Prof. Neil Sandham, University of Southampton
Prof. Catherine O'Sullivan, Imperial College London
Prof. Mark Parsons, University of Edinburgh
Dr. Paulo R. Refachinho de Campos, Swansea University
Neil Sandham has been Professor of Aerospace Engineering at the University of Southampton since 1999, having previously been at Stanford University (PhD 1989), DLR Göttingen and Queen Mary, University of London. His area of expertise is numerical simulation of transitional and turbulent flows over the full range of speeds from incompressible to hypersonic, with current projects in transonic airfoil flows, flow over surface roughness and high-speed aerodynamics. He was the founding principal investigator of the UK Turbulence Consortium and has served as head of the Department of Aeronautics and Astronautics in Southampton.
Numerical simulation offers a route to study complex phenomena that are difficult or expensive to study in laboratory experiments. This is particularly true in high-speed flow applications with transitional and turbulent flow, where measurements are severely limited. In contrast, scale-resolving numerical simulations, for example direct numerical simulations, which set out to resolve all scales of motion, provide complete flowfield data. With developments in high performance computing, large-scale simulations are increasingly feasible and software developments, for example [1], are enabling applications on the latest accelerator hardware. Recent and ongoing work is extending the capabilities of direct and large eddy simulation into the hypersonic flight regime that is relevant to the later stages of atmospheric entry, where the continuum model is applicable, and to sustained high speed flight in the atmosphere. Here, the usual Navier-Stokes, perfect gas model needs to be extended in a numerically efficient way [2] to accommodate variable fluid properties, as well as possible thermo-chemical non-equilibrium. In this regime, both transition to turbulence [3] and the resulting turbulent flow are modified. We will use examples of recent numerical simulations to illustrate the linear and nonlinear mechanisms involved in flow configurations in which shock waves interact with boundary layers. A shock reflection problem [4,5] is used to explore the linear and nonlinear flow response to perturbations, while a problem with flow over a bump protruding into a hypersonic flow [6] is used to study the interaction between multiple separation bubbles and show how turbulence can sustain, independent of upstream disturbances.
[1] Lusher, D. J., Sansica, A., Sandham, N. D., Meng, J., Siklósi, B., & Hashimoto, A. (2025). OpenSBLI v3. 0: High-fidelity multi-block transonic aerofoil CFD simulations using domain specific languages on GPUs. Computer Physics Communications, 307, 109406.
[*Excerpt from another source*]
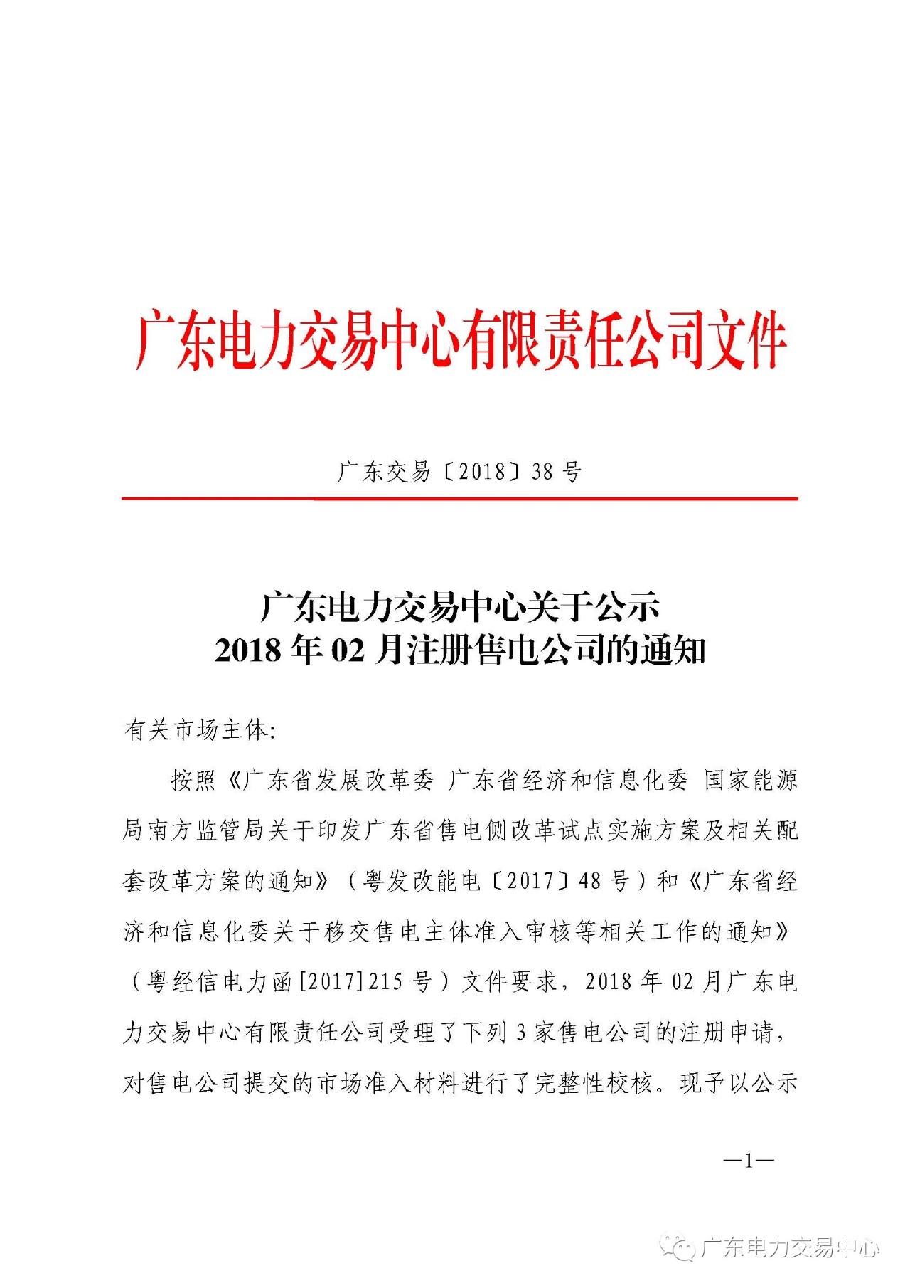 為做好售電公司的準入審核等相關(guān)工作,廣東電力交易中心現(xiàn)對2018年02月注冊申請的3家售電公司進行公示,公示正文如下:具體通知請各市場主
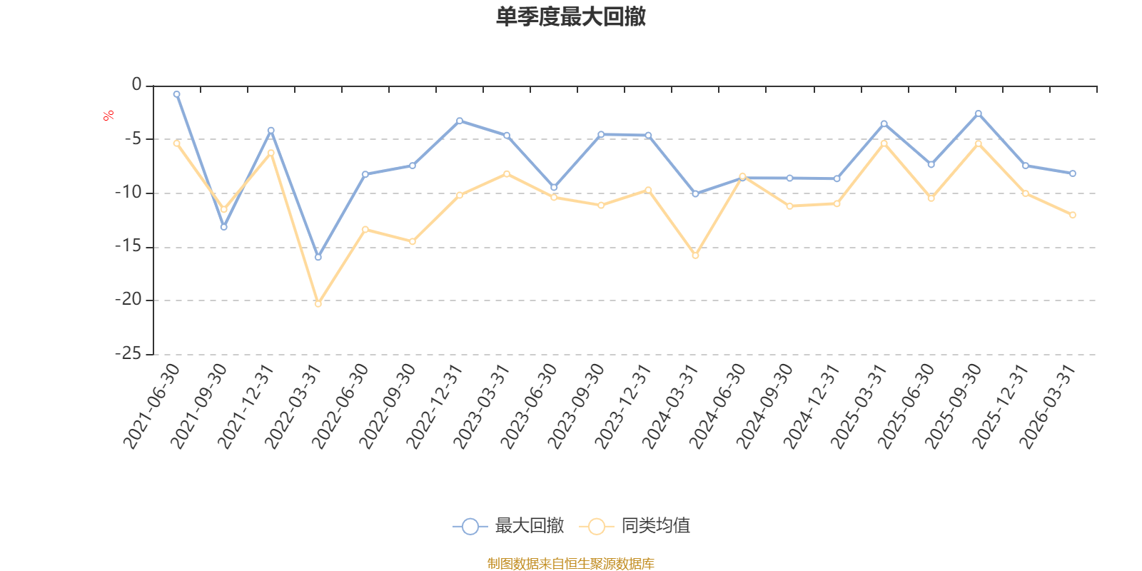 截至4月20日,基金近三年最大回撤为18.3%,同类可比基金排名18/259。单季度最大回撤出现在2022年一季度,为15.96%。

[2] Musawi, A., & Sandham, N. D. (2025). Efficient Transport Property Formulation for Scale-Resolved Hypersonic Flow Simulations. In AIAA SCITECH 2025 Forum (p. 0340).
[3] Ala, T., & Sandham, N. D. (2025). Effect of Thermal Nonequilibrium on Disturbance Growth in Hypersonic Boundary Layers. In AIAA SCITECH 2025 Forum (p. 1311).
[4] Sandham, N. D., Sharma, P. K. and Lusher, D. J. (2024) Linear and nonlinear response of high-speed boundary layers to continuous stochastic forcing. Proc IUTAM Conference on Laminar-Turbulent Transition, to appear.
[5] Mauriello, M. Sharma, P.K., Larchevêque, L, Sandham, N.D. (2024) Role of non-linearities induced by deterministic forcing in the low-frequency dynamics of transitional SBLI, submitted to J. Fluid Mech.
[6] Walker, M. C., & Sandham, N. D. (2025). Direct Numerical Simulation of Hypersonic Flow Over a Gaussian Bump. In AIAA SCITECH 2025 Forum (p. 2062).
Professor Catherine O'Sullivan
Prof. Catherine O'Sullivan is a Professor of Particulate Soil Mechanics. She is currently head of the Geotechnics Section of the Department of Civil and Environmental Engineering at Imperial College. She completed her PhD studies at the University of California, Berkeley, and has worked as a geotechnical engineering California. Recognition for her research includes the 2015 Géotechnique lecture, the 2016 Shamsher Prakash Research Award, and the 2023 Alert lecture and medal. Catherine is Editor in Chief of the ASCE Journal of Geotechnical and Geoenvironmental Engineering. She is the author of Particulate DEM: A geomechanics perspective and has contributed to over 120 journal papers.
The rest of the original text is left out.